La Prensa,
03.11.2025
POR JULIO C. BORDA
Tal vez la Reina
Isabel de Castilla haya sido una de las estadistas más admiradas de la Historia
Universal. En un solo año consiguió dos gigantescas hazañas que se llevaron
adelante gracias a su empeño, a su amor por España, a su obsesión por la
trascendencia, a su coraje por apoyar y alentar una gesta que cambió el destino
de toda la humanidad.
Porque 1492 fue el
año de la expulsión de los árabes de Granada -el último bastión que quedaba por
recuperar de manos de los musulmanes- y del más grande acontecimiento llevado a
cabo por el Hombre, después del nacimiento de Cristo: el Descubrimiento de
América.
Isabel fue la
monarca que nació en el momento justo; sin ella es dudoso que se hubiesen
producido aquellas empresas gigantescas pues a partir de esas dos admirables
gestas, el mundo se vio envuelto en una serie de cambios que fueron
imprescindibles para el desarrollo y el crecimiento del ser humano.
El destino de la
ilustre monarca estaba marcado, pues a pesar de las maniobras de su hermano
Enrique IV, para impedir que su hermana no fuera reina, ninguna de ellas
prosperó. El reino, sin duda, estaba reservado para ella. Es que España estaba
ávida por recibir en su seno a una estadista de la capacidad, idoneidad y la Fe
de Isabel.
La esperaba y la
deseaba; ella iba a realizar la transformación de una nación que se iba a
convertir en una gran potencia, en la luz que iba a iluminar el camino hacia lo
trascendente.
LA MUJER QUE VIO
MAS ALLA
Su fe
inquebrantable en Dios fue fundamental para que España se pusiera a la cabeza
de los grandes cambios. Isabel recibió el mensaje, lo pulió, la meditó y lo
cumplió al pie de la letra. Fue fiel a su misión; fue leal a su nación; fue la
madre de sus súbditos... una madre dedicada y desprendida. Fue la mujer que vio
más allá, la que se puso al servicio de su pueblo, de un pueblo que la veneraba
y que se sentía protegido por ella. Una mujer que estaba plenamente identificada
con los hombres y mujeres que habitaban en el territorio ibérico. Jamás
claudicó de sus deberes, jamás renegó de sus obligaciones.

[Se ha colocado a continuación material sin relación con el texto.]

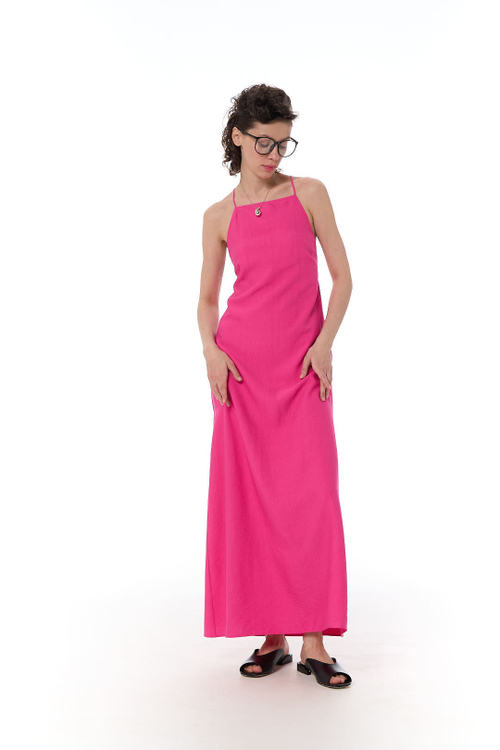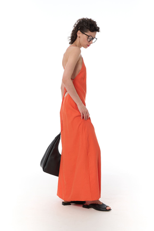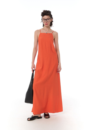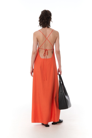 - Платье макси с графичным вырезом на спинке, фактурная вискоза, апельсин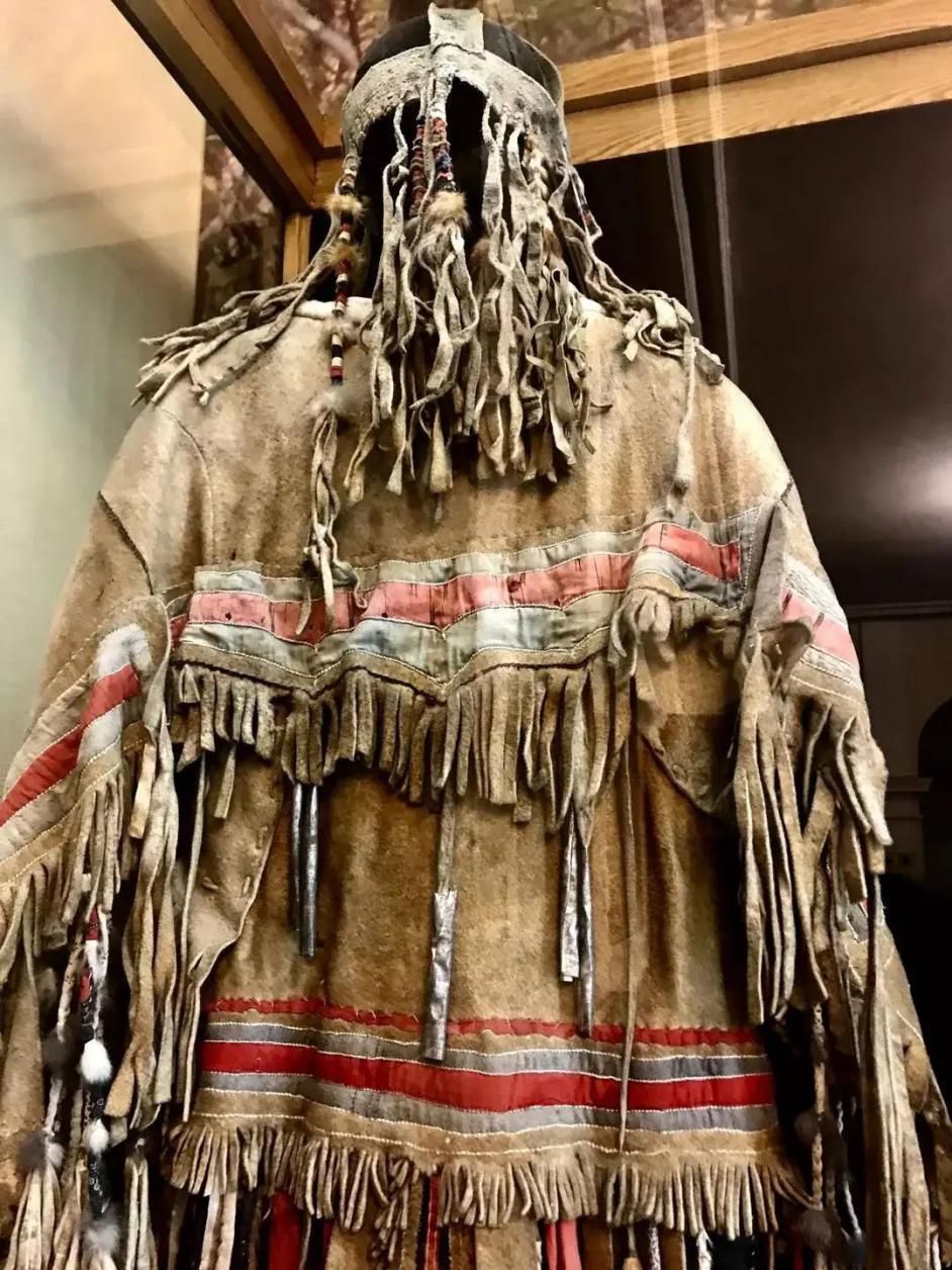 展区内还陈列着几套保存完整的萨满服饰,有鹿皮、兽皮、鱼皮和纤维等多种材料。与国内留存的萨满服饰不同的是其鹿角帽的制作,鹿角帽上装饰着龟、蛇和神偶形象,顶端八岔鹿角的材料是金属。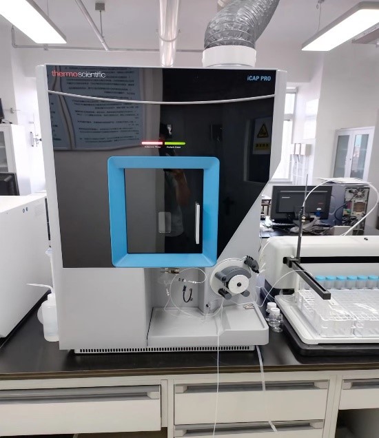 美国ThermoFisher Scientific iCAP PRO型电感耦合等离子体发射光谱仪(ICP-OES)采用中阶梯光栅-棱镜交叉色散光学系统,其光学分辨率在257.610nm或202.030nm处<7pm,波长范围为167.021-852.145nm,采用电荷注入检测器 CID821。仪器提供水环境样品中主量、微量元素的定性、定量分析。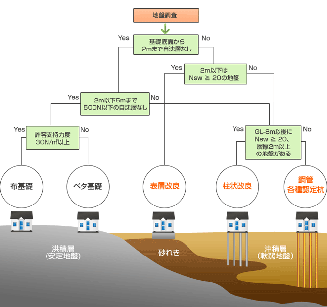 * 地盤調査を実施し、その地盤に最適な改良工事方法を検討します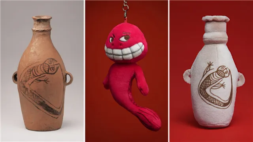△鲵鱼纹彩陶瓶“陶二妮”和以其为原型的可以拆卸的文创产品。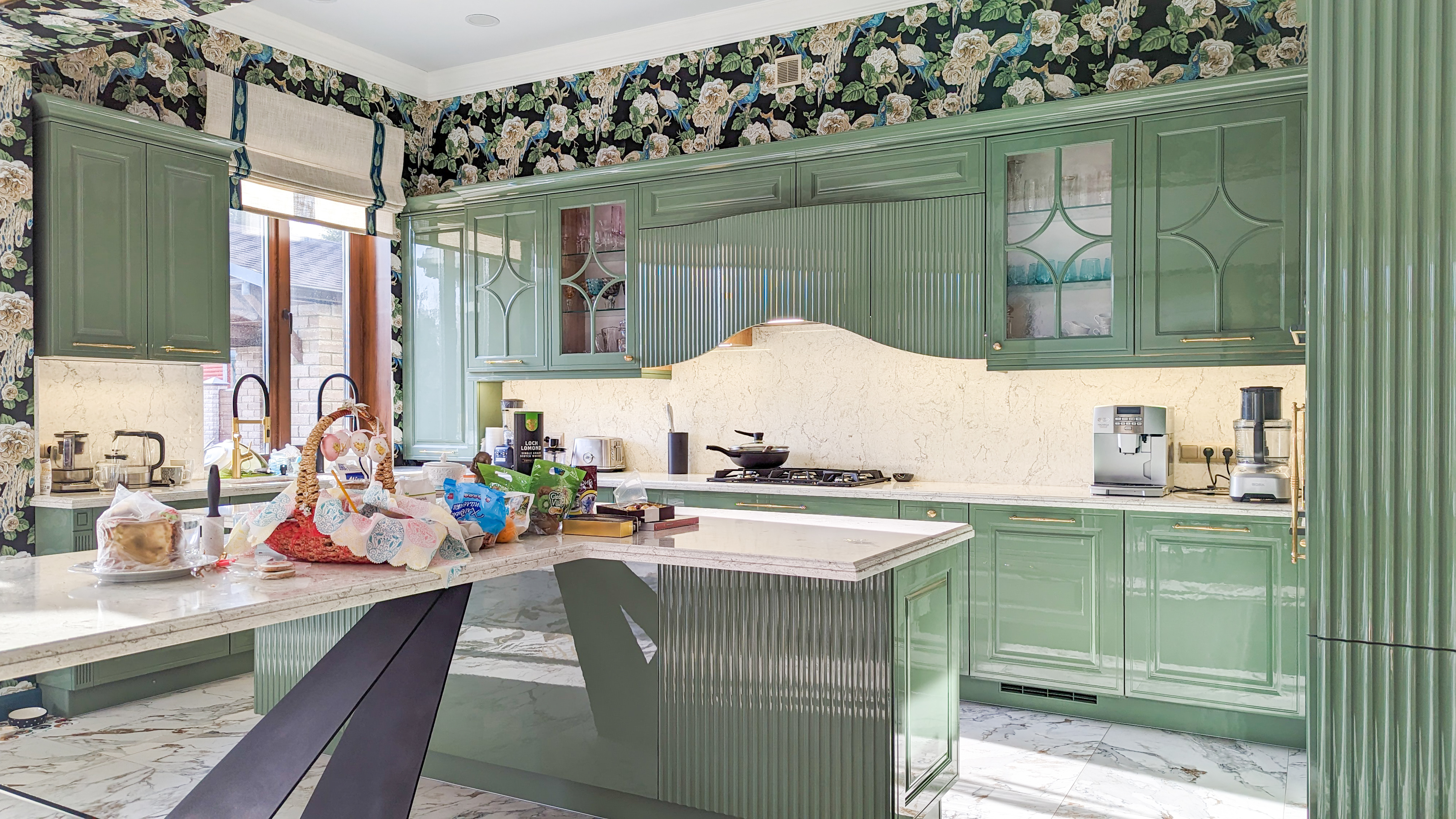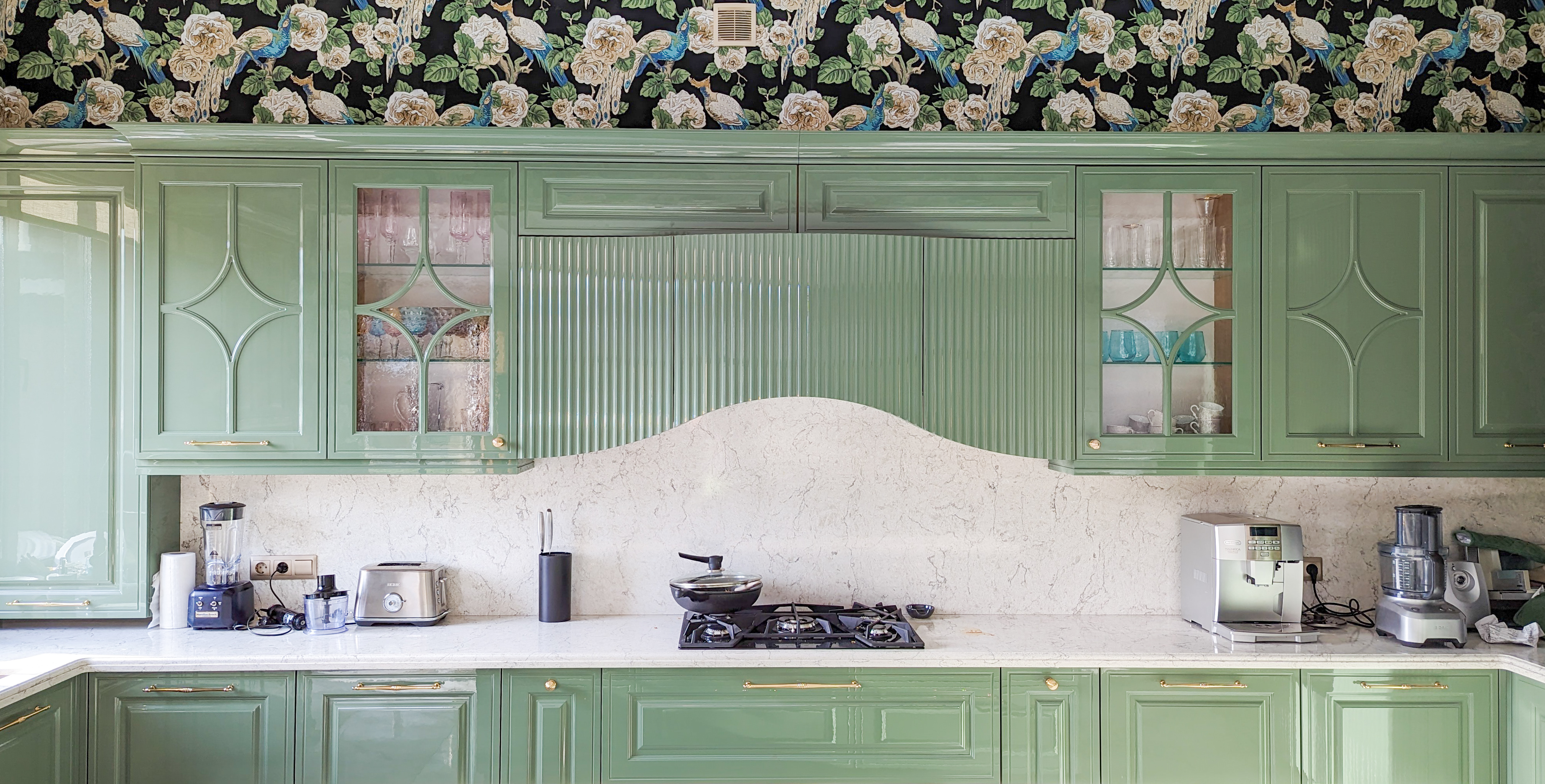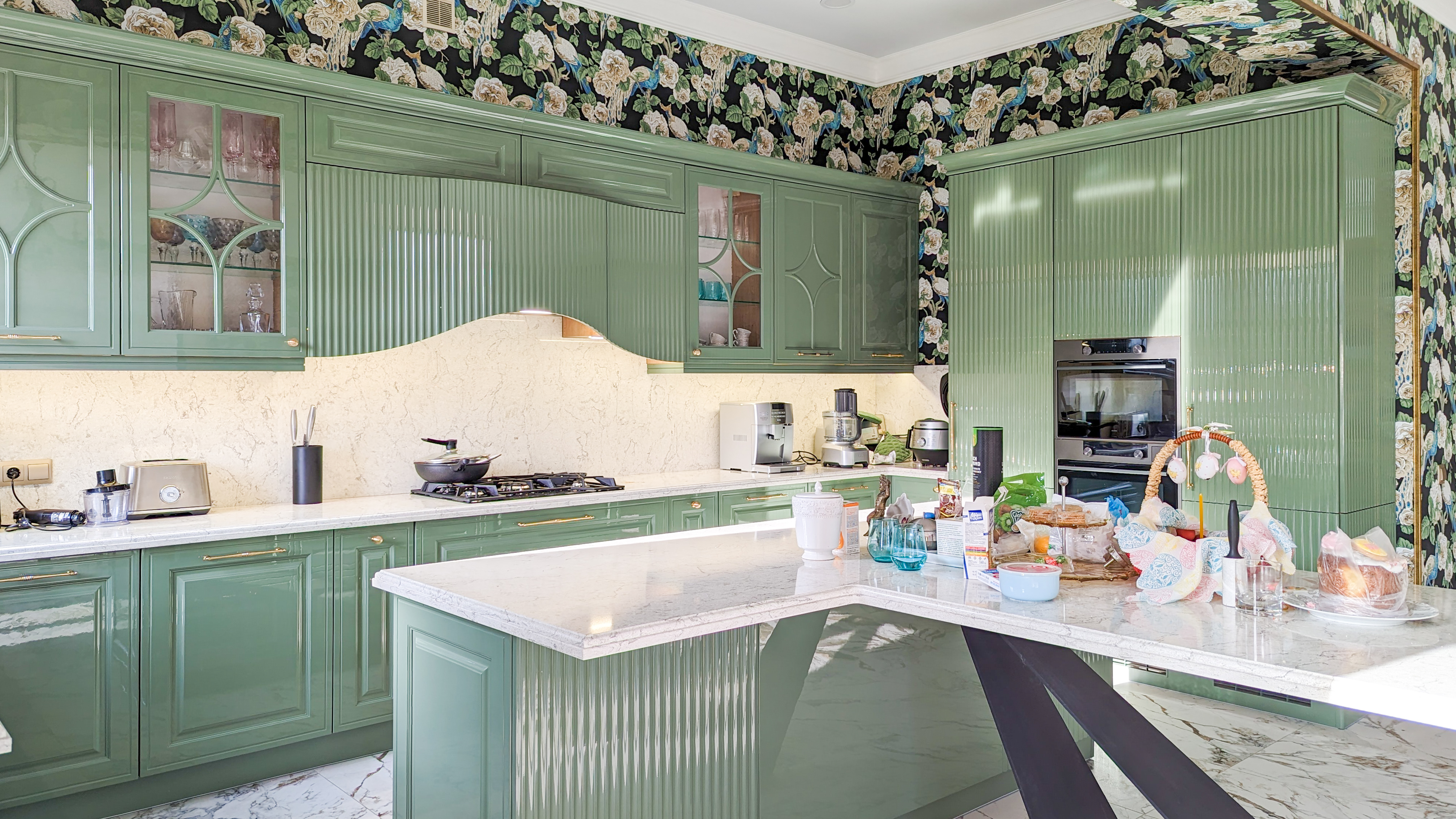 Столешница и стеновая панель - кварцевый агломерат.

Fue tenaz, empeñosa,
valiente.
Isabel se aferrada
a su fe, a su amor por España y por sus hijos. Una mujer de una capacidad
admirable que aun en los momentos más difíciles, no se dejó intimidar por la
adversidad ni por los enemigos más implacables. Sorteó todos los obstáculos que
se le cruzaron a lo largo del escabroso camino. No dudó en entregarse en alma y
vida a una lucha tenaz y terrible, con tal de que su querida España saliera
airosa de la misión que Dios le había encomendado.
La huella que dejó
no se borrará nunca, pues su conducta intachable vivirá por siempre en el
corazón de los españoles de buena estirpe. Su luz no se apagará jamás, pues
seguirá iluminando el corazón y espíritu de los hombres y mujeres que caminan
todos los días por la buena senda, haciendo camino al andar según las palabras
del poeta. Su legado no morirá jamás; su mensaje permanecerá vivo a través de
los siglos para ejemplo de todos aquellos que quieren vivir en un mundo mejor y
menos conflictivo. Porque Isabel vive en el espíritu de todos y cada uno de
nosotros para hacer de este mundo hostil e implacable, un refugio de
comprensión, caridad, entrega y generosidad.